■ YOUR ASSIGNMENT: The listing is to be printed word for word, pictures omitted.

■ DATA EXCERPT:
******************************

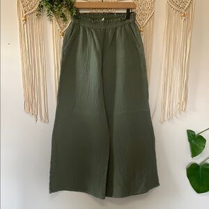 AERIE Pool To Party Wide Leg Gauzy Pants Green Size XL
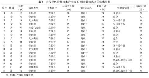 | 17 | 男 | 12 | 骨肉瘤 | 左肱骨 | 16 | 钢板 | 感染后取出异体骨 | 40 |
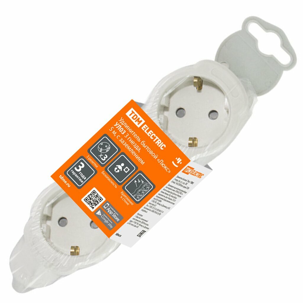 Удлинитель TDM Electric Люкс УЛ03 3 гнезда 5м с заземлением информация:

******************************

■ REPLY TO THE TASK:
 AERIE Pool To Party Wide Leg Gauzy Pants Green Size XL
 | 17 | 男 | 12 | 骨肉瘤 | 左肱骨 | 16 | 钢板 | 感染后取出异体骨 | 40 |
 Удлинитель TDM Electric Люкс УЛ03 3 гнезда 5м с заземлением информация:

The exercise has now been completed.